- Task requirements: The answer must be only the lines below from the one holding "Artisan Ceramic Vessel" down to the one holding "光に透けるグラデーションカラ", ends included, printed exactly; please omit all pictures.

[Opening Input data section]

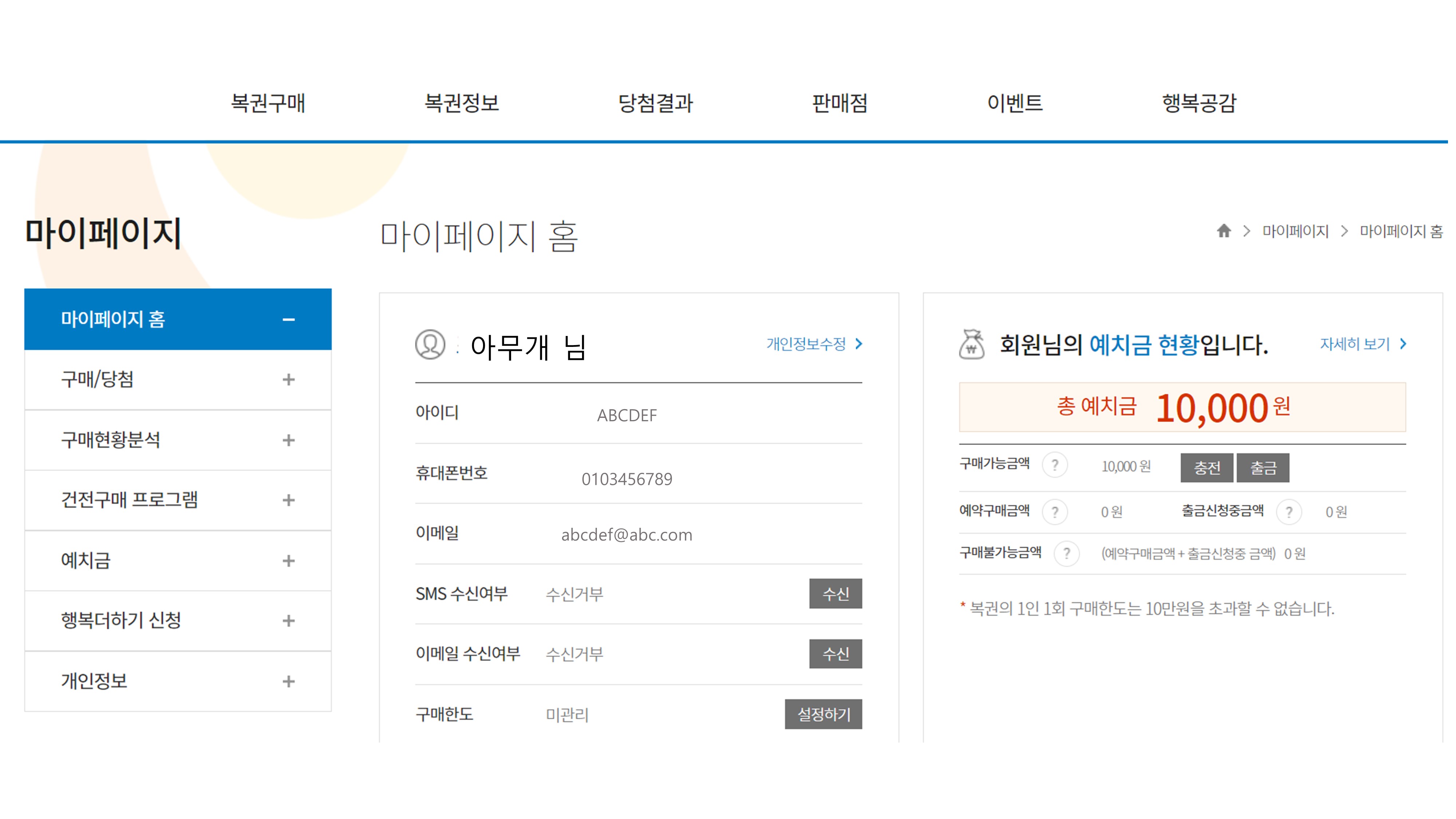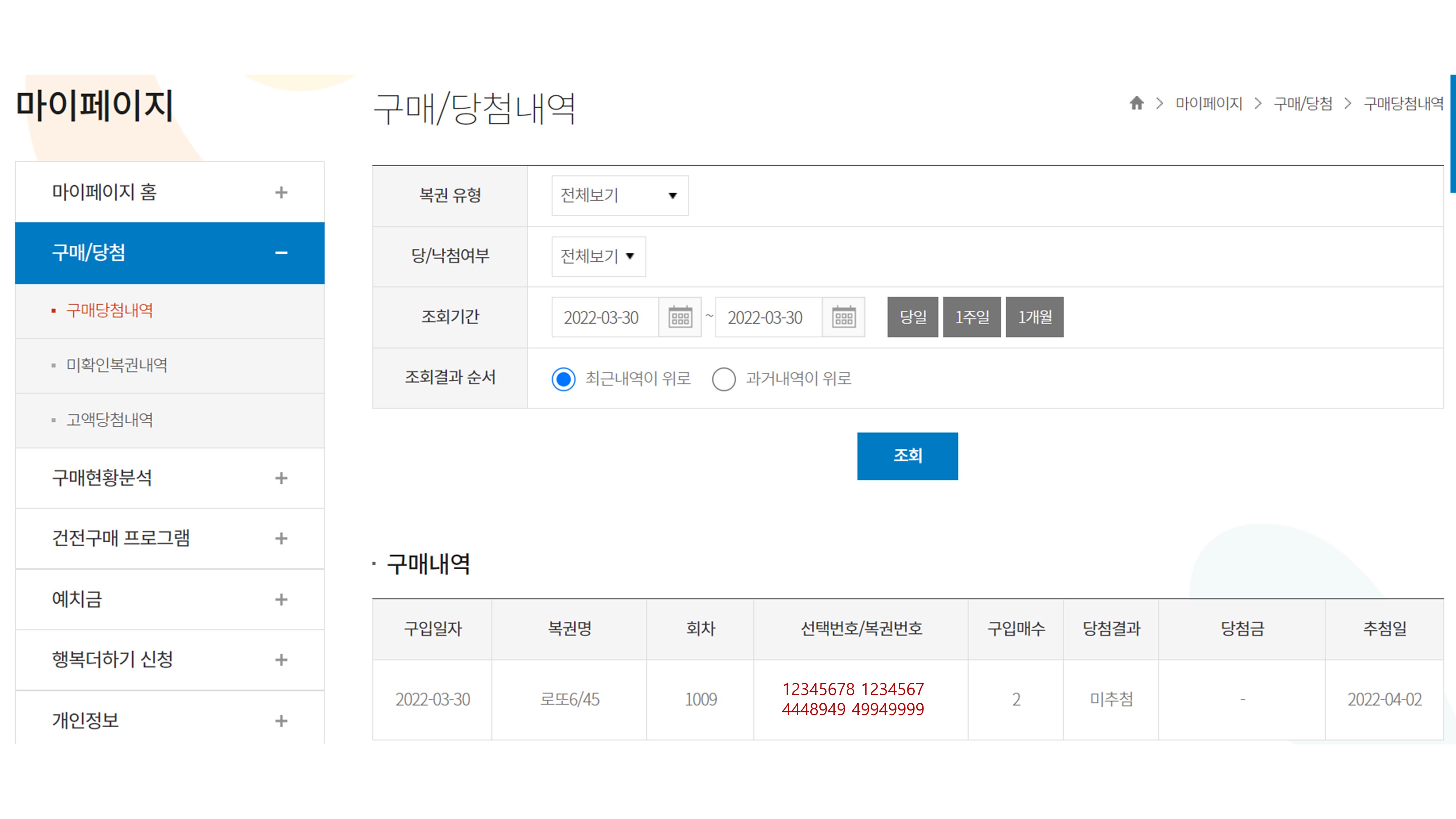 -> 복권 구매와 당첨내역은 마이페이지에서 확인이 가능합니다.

[Closing Input data section]
[Opening Input data section]

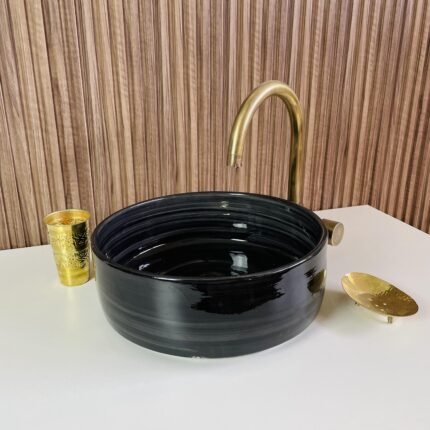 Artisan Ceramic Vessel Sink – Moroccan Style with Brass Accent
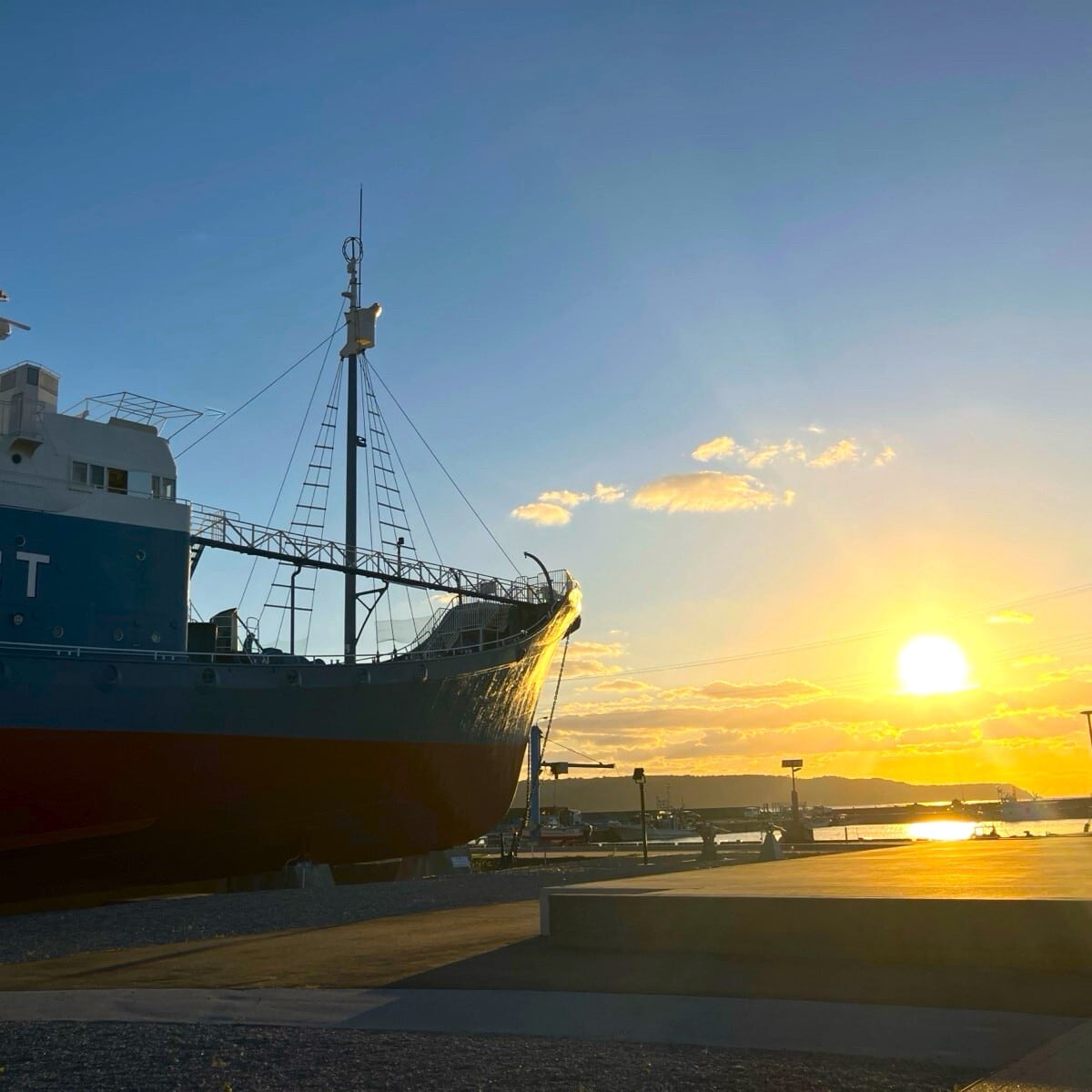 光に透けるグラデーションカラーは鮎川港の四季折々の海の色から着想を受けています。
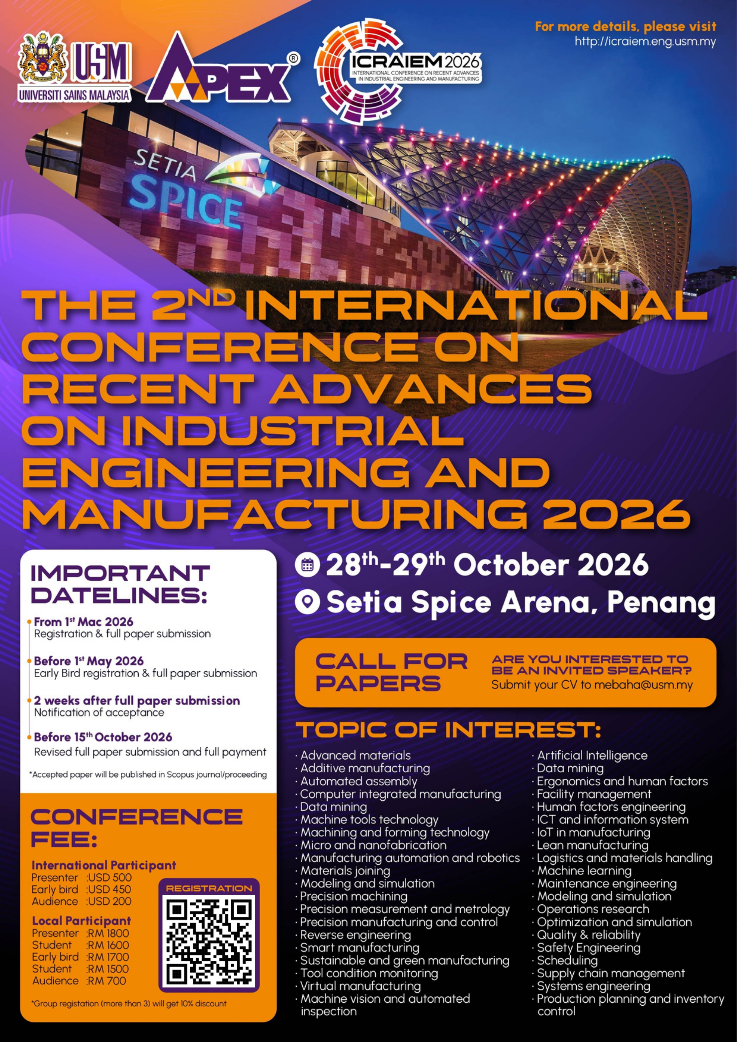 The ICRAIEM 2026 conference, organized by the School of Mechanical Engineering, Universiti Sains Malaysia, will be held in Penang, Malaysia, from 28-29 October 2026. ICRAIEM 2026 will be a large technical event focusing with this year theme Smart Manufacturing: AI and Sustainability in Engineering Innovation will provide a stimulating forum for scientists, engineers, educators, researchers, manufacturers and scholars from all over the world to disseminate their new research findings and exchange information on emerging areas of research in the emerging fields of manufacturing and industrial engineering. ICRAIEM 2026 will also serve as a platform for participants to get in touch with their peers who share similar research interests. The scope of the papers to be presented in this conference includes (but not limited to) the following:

[Closing Input data section]

- Your solution:
 Artisan Ceramic Vessel Sink – Moroccan Style with Brass Accent
 光に透けるグラデーションカラーは鮎川港の四季折々の海の色から着想を受けています。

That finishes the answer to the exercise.